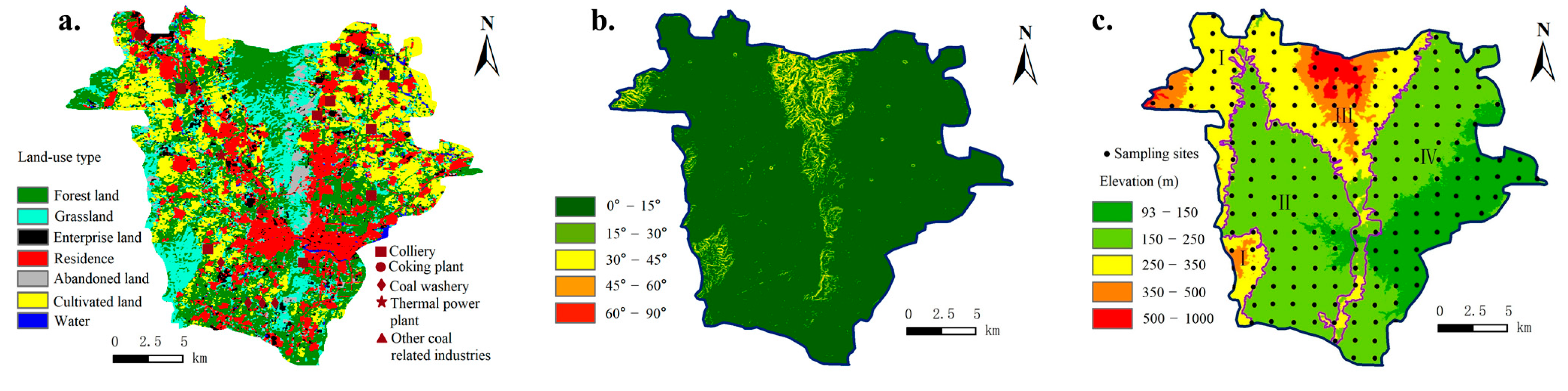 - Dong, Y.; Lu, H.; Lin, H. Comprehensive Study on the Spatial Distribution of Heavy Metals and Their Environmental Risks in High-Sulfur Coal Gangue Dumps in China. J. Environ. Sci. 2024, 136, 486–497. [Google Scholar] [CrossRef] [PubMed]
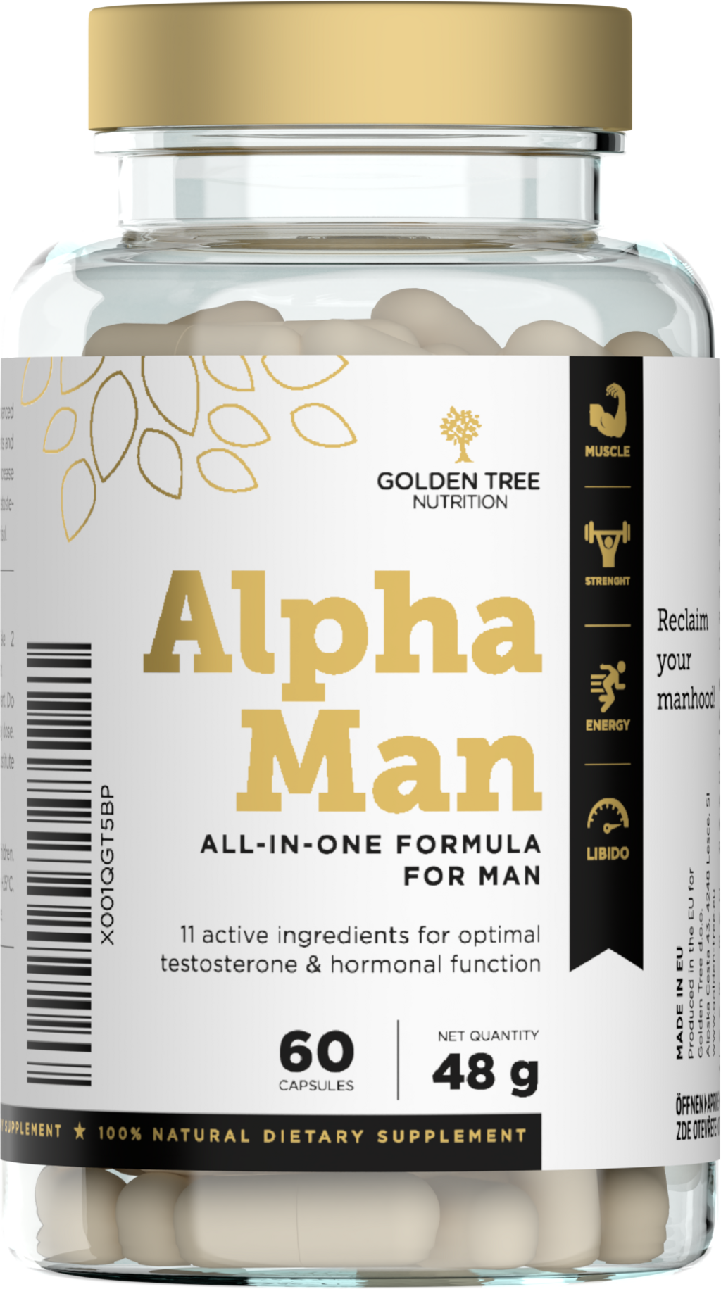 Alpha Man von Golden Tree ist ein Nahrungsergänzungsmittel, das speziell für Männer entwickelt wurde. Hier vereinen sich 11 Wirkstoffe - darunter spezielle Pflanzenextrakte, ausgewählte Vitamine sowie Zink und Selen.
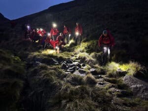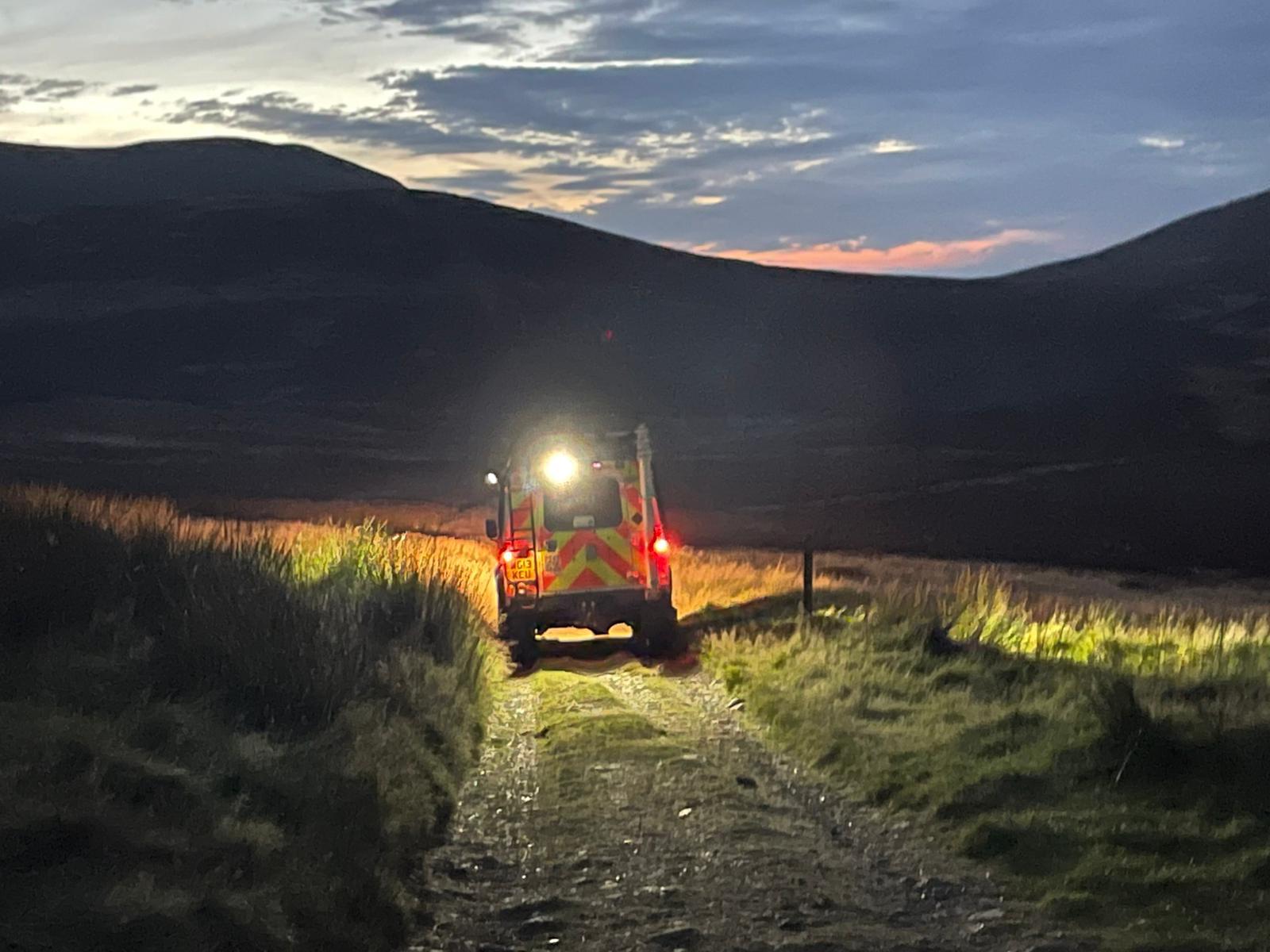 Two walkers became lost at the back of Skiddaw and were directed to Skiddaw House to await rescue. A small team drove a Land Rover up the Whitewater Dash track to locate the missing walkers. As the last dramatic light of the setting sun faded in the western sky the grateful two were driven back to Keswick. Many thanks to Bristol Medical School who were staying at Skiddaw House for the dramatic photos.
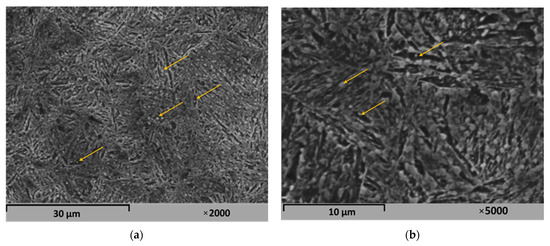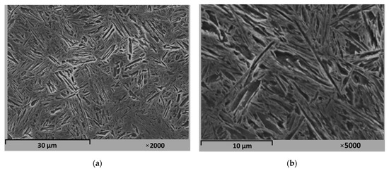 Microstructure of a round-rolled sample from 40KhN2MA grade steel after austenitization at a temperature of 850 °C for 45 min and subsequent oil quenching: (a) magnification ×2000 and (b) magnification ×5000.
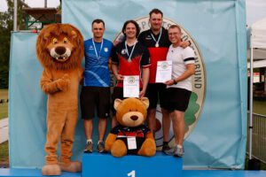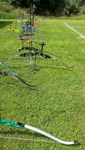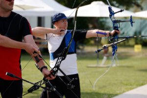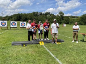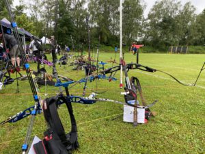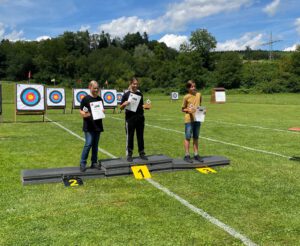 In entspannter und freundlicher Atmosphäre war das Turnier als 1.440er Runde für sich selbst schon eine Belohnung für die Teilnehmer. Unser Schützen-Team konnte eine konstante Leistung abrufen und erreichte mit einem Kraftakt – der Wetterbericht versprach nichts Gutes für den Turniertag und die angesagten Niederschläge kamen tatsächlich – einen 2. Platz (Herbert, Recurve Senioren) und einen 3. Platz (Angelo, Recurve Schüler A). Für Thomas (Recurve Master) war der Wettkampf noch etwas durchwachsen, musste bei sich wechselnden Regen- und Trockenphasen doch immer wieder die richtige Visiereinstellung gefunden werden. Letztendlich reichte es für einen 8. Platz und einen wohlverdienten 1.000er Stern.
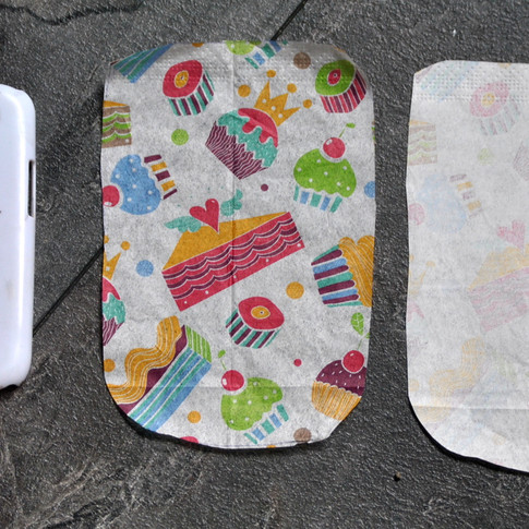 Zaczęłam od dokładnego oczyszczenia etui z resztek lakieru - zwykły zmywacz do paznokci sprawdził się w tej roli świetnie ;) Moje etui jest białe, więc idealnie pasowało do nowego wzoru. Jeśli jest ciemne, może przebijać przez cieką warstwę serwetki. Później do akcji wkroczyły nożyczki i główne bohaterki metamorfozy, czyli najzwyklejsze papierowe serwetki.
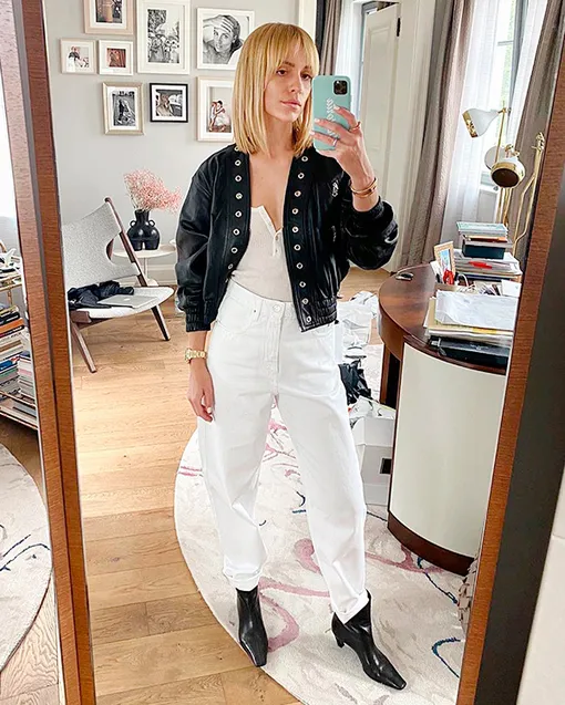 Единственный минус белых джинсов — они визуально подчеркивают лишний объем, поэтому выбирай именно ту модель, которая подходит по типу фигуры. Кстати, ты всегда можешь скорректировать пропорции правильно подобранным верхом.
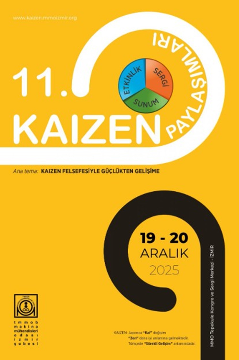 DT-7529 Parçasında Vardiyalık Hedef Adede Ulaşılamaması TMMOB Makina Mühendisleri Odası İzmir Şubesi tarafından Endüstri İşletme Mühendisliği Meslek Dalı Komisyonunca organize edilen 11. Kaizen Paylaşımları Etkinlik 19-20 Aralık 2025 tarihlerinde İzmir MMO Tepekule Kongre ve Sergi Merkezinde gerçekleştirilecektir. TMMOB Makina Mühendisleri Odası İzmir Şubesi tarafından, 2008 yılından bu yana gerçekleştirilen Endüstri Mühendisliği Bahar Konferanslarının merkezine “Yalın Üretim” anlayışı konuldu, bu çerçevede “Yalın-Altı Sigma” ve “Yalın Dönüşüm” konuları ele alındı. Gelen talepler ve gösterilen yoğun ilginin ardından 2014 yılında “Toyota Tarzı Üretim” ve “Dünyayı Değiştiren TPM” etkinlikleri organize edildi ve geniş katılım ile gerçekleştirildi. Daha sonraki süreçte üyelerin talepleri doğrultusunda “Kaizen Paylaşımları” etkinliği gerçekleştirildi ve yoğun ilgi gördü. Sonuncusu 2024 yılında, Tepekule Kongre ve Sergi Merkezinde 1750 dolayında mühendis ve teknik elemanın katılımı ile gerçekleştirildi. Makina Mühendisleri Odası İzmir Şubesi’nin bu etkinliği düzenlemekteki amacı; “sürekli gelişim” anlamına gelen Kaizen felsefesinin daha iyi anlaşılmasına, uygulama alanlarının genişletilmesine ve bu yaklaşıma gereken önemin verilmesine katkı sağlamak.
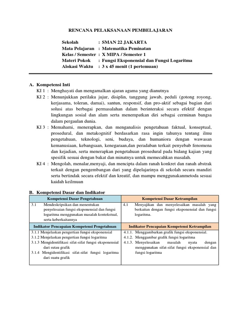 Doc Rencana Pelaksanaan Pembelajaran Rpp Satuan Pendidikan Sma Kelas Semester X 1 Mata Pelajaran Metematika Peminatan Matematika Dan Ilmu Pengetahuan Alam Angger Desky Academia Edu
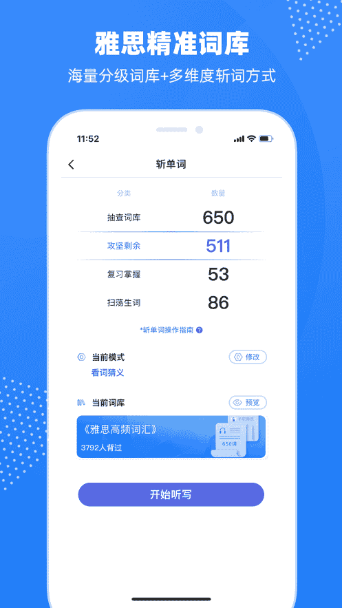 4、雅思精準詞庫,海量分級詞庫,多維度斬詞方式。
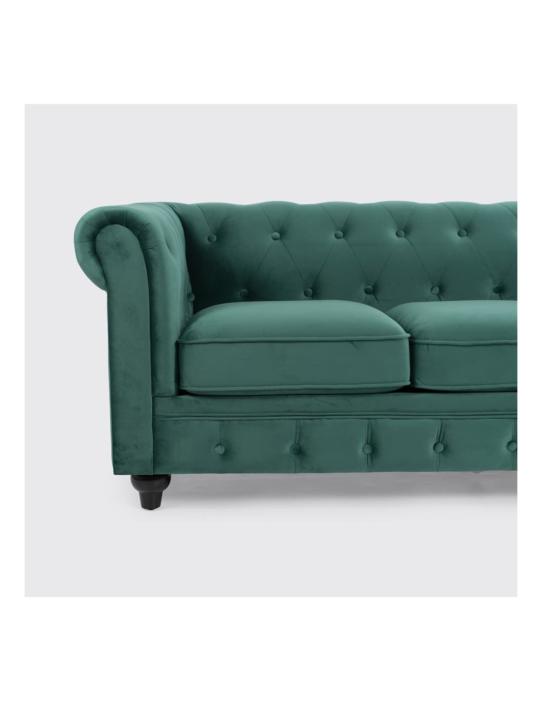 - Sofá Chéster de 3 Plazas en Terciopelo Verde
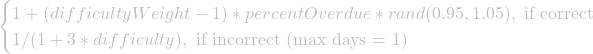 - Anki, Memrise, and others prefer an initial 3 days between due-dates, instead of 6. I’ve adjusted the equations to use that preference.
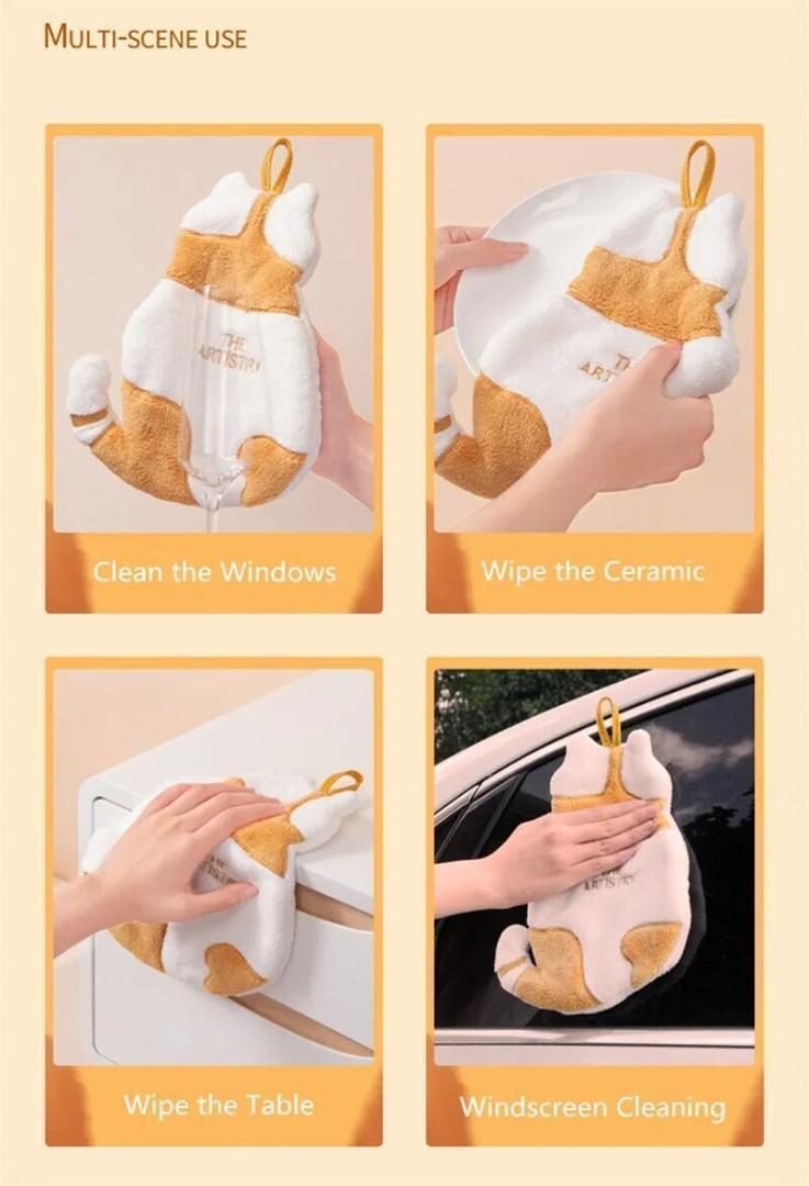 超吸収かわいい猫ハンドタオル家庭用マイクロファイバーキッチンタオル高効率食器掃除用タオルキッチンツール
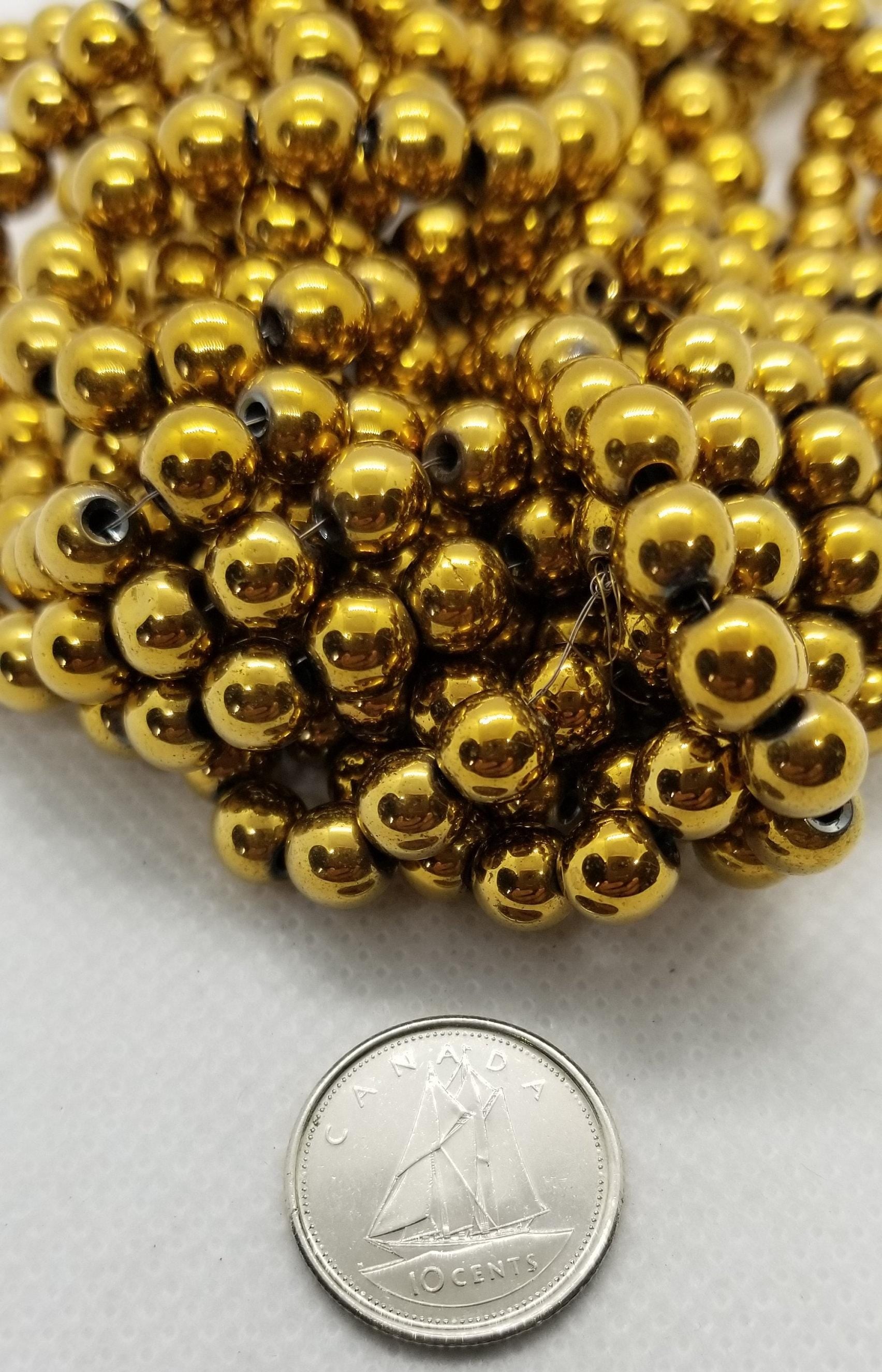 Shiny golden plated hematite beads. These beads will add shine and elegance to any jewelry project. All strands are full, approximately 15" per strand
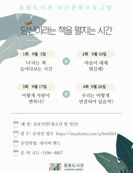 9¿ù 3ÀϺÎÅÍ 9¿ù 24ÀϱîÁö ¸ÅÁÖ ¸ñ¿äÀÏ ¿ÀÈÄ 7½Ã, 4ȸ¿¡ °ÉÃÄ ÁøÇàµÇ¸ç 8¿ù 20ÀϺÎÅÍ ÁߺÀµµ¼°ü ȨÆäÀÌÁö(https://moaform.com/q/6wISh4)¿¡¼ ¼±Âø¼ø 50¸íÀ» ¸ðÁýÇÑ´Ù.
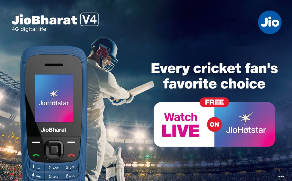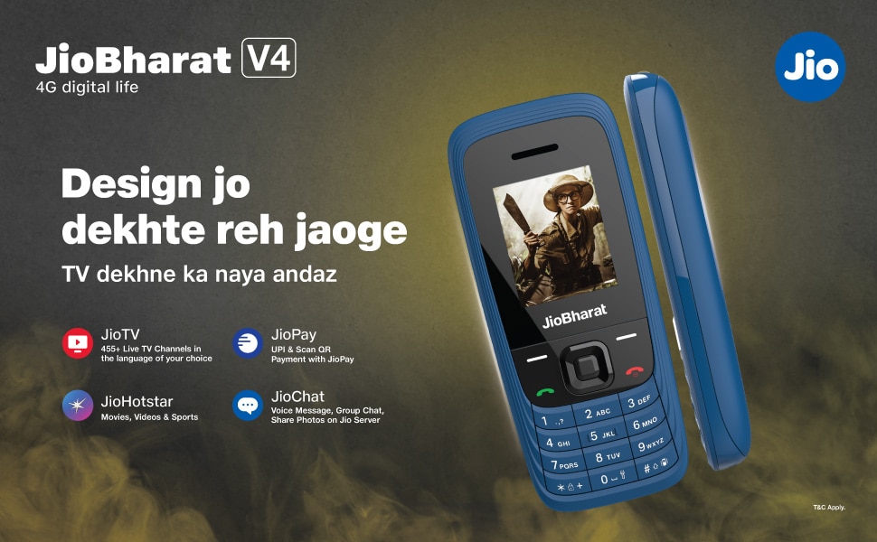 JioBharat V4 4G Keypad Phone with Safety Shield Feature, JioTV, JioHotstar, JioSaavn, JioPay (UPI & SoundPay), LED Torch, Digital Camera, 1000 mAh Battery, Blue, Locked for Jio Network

» **About this exercise**:
Could you repeat, exactly and with nothing added, the lines from the top of the entries above through the line that holds "Alpha Man von", leaving out any pictures?

» **Solution for this problem**:
 - Dong, Y.; Lu, H.; Lin, H. Comprehensive Study on the Spatial Distribution of Heavy Metals and Their Environmental Risks in High-Sulfur Coal Gangue Dumps in China. J. Environ. Sci. 2024, 136, 486–497. [Google Scholar] [CrossRef] [PubMed]
 Alpha Man von Golden Tree ist ein Nahrungsergänzungsmittel, das speziell für Männer entwickelt wurde. Hier vereinen sich 11 Wirkstoffe - darunter spezielle Pflanzenextrakte, ausgewählte Vitamine sowie Zink und Selen.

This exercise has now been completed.